Além da Casa Branca, a atividade contou com a participação de membros das comunidades dos terreiros Cobre, Gantois, Kalé Bokun, Tumba Junsara, Alaketu, São Jorge Filho da Goméia, Santa Bárbara, Ilê Axé Opô Afonjá e Vodun Zo. A programação foi composta por uma apresentação sobre a história e serviços do Cedoc, com destaque para a exibição de registros sobre as religiões afro-brasileiras que compõem o acervo da unidade do Grupo A TARDE.
Relevância
Doté Amilton Costa, do Terreiro Vodun Zo, disse que, para ele, o evento teve importância pessoal e comunitária. “Para mim, que nasci e me criei no candomblé, tudo isso é muito significativo.
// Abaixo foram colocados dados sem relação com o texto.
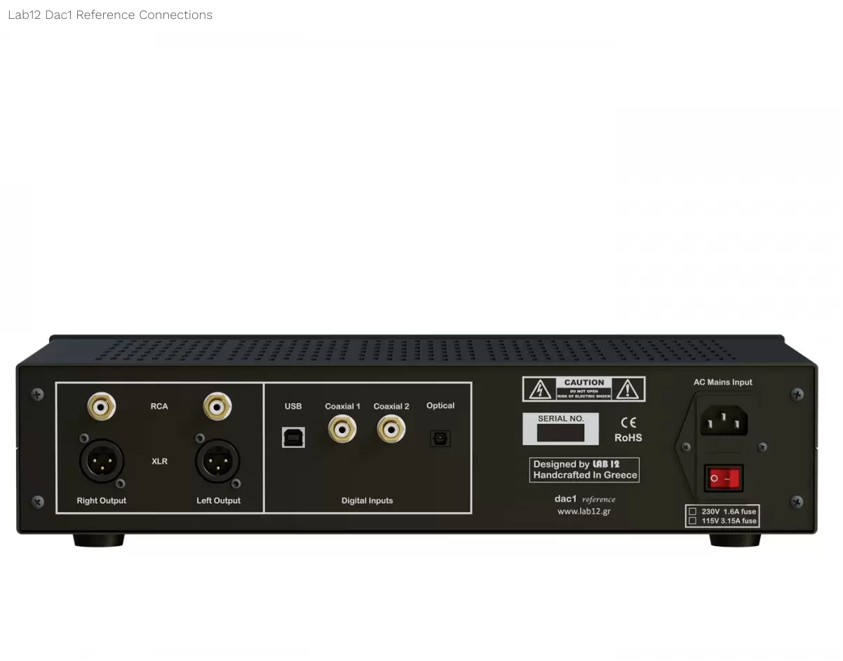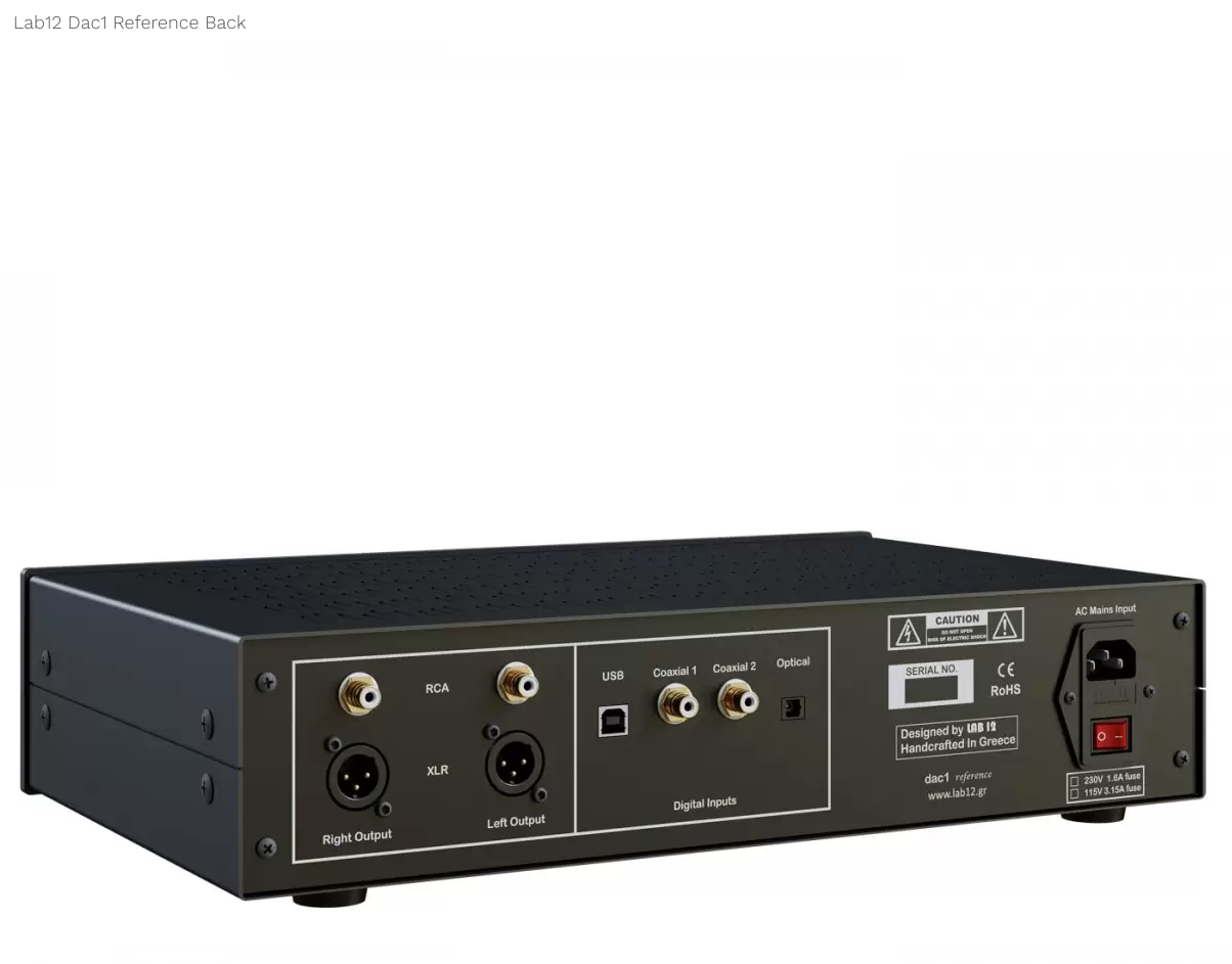 Het Griekse Lab12 heeft een zeer buizen dac gebouwd. Een heel mooi modern ontwerp in een retro behuizing, in het zwart of aluminium kleur. Het apparaat heeft 2xSPDIF(Coaxiaal), 1xUSB2, 1xspdif(Optical toslink). 2xRCA en 2xXLR uitgangen. Gemaakt om het maximale uit een hifi installatie te halen.

O candomblé já foi muito perseguido. Hoje, ainda enfrentamos perseguições, mas também recebemos homenagens. É fundamental termos eventos como este com mais frequência para mostrar que somos gente boa, iguais às de todas as outras religiões”.
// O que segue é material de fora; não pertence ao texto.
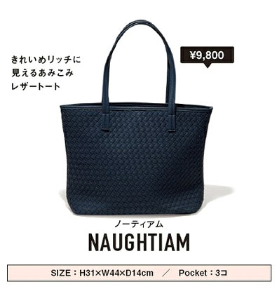 ショルダーとハンドバッグの2WAYで、中にはポーチつきで機能性抜群。トートバッグは裏面がシンプルな無地ブラウンなので品のよさもキープ。
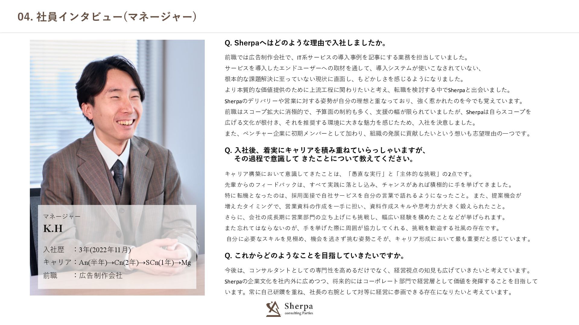 Sherpaへはどのような理由で入社しましたか。 前職では広告制作会社で、IT系サービスの導入事例を記事にする業務を担当していました。 サービスを導入したエンドユーザーへの取材を通して、導入システムが使いこなされていない、 根本的な課題解決に至っていない現状に直面し、もどかしさを感じるようになりました。 より本質的な価値提供のために上流工程に関わりたいと考え、転職を検討する中でSherpaと出会いました。 Sherpaのデリバリーや営業に対する姿勢が自分の理想と重なっており、強く惹かれたのを今でも覚えています。 前職はスコープ拡大に消極的で、予算面の制約も多く、支援の幅が限られていましたが、Sherpaは自らスコープを 広げる文化が根付き、それを推奨する環境に大きな魅力を感じたため、入社を決意しました。 また、ベンチャー企業に初期メンバーとして加わり、組織の発展に貢献したいという想いも志望理由の一つです。 Q. 入社後、着実にキャリアを積み重ねていらっしゃいますが、 その過程で意識して きたことについて教えてください。 キャリア構築において意識してきたことは、「愚直な実行」と「主体的な挑戦」の2点です。 先輩からのフィードバックは、すべて実践に落とし込み、チャンスがあれば積極的に手を挙げてきました。 特に転機となったのは、採用面接で自社サービスを自分の言葉で語れるようになったこと。 また、提案機会が 増えたタイミングで、営業資料の作成を一手に担い、資料作成スキルや思考力が大きく鍛えられたこと。 さらに、会社の成長期に営業部門の立ち上げにも挑戦し、幅広い経験を積めたことなどが挙げられます。 また忘れてはならないのが、手を挙げた際に周囲が協力してくれる、挑戦を歓迎する社風の存在です。 自分に必要なスキルを見極め、機会を逃さず挑む姿勢こそが、キャリア形成において最も重要だと感じています。 Q. これからどのようなことを目指していきたいですか。 今後は、コンサルタントとしての専門性を高めるだけでなく、経営視点の知見も広げていきたいと考えています。 Sherpaの企業文化を社内外に広めつつ、将来的にはコーポレート部門で経営層として価値を発揮することを目指して います。常に自己研鑽を重ね、社長の右腕として対等に経営に参画できる存在になりたいと考えています。
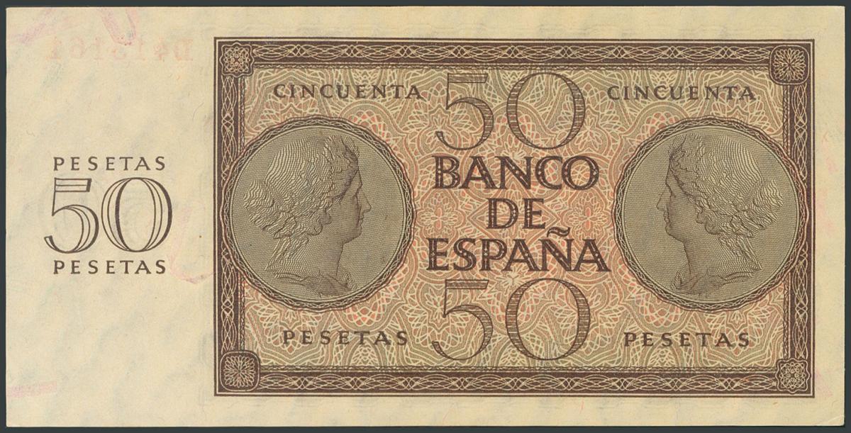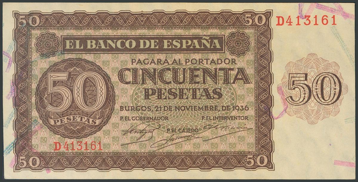 50 Pesetas. 21 de Noviembre de 1936. Serie D. (EDifil 2017: 420a). Inusual en esta calidad y apresto original, esquina inferior izquierda marcada. SC-.

Mãe Lúcia Neves, mameto (o posto de liderança) do Terreiro São Jorge Filho da Goméia, localizado em Lauro de Freitas, elogiou a ação de abertura do Cedoc. “Foi emocionante. É importante como um evento como esse mostrou que existe um conteúdo que podemos acessar”, acrescentou.
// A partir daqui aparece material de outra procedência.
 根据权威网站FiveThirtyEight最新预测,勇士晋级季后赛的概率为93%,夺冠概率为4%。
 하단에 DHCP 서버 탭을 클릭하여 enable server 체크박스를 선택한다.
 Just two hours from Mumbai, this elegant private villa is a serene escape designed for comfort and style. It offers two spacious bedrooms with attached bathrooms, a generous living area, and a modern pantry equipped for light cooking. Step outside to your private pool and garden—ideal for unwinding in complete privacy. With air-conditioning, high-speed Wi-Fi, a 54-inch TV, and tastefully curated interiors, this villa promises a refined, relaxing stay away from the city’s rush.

Para Suzane Barbosa, ebomi do Terreiro Alaketu, acervos como o do Cedoc são o registro, em outras linguagens, do que se aprende nas casas de santo. É, portanto, em sua avaliação, mais uma oportunidade pedagógica especialmente para os mais jovens. “Toda a memória tem que ser partilhada e celebrada. Os jovens precisam conhecer a história e viver um pouco do que está relatado por meio desses acervos”, disse.
Tânia Bispo, ebomi do Terreiro Kalé Bokun, afirmou ver o acervo do Cedoc sobre religiões afro-brasileiras como uma reparação e uma tradução da linha do tempo dos terreiros de candomblé e uma forma contemporânea de registrar o cotidiano dos terreiros. “Hoje nós estamos aqui em um jornal, com nossas vestes, com nossos símbolos, com nossa identidade” ressaltou.
“É uma honra poder participar e quero parabenizar o Grupo A TARDE por nos possibilitar visitar este acervo nessa semana dedicada aos arquivos”, destacou Pai Valdemir Melo, tata de inquice do Terreiro Santa Bárbara, localizado em Lauro de Freitas.
Lindinalva Barbosa, ebomi do Terreiro do Cobre, ressaltou a sensação reconfortante que experimentou ao saber que existe uma memória fotográfica e textual sobre os terreiros. “É muito importante a gente ter acesso a uma memória que está resguardada, que é viva”.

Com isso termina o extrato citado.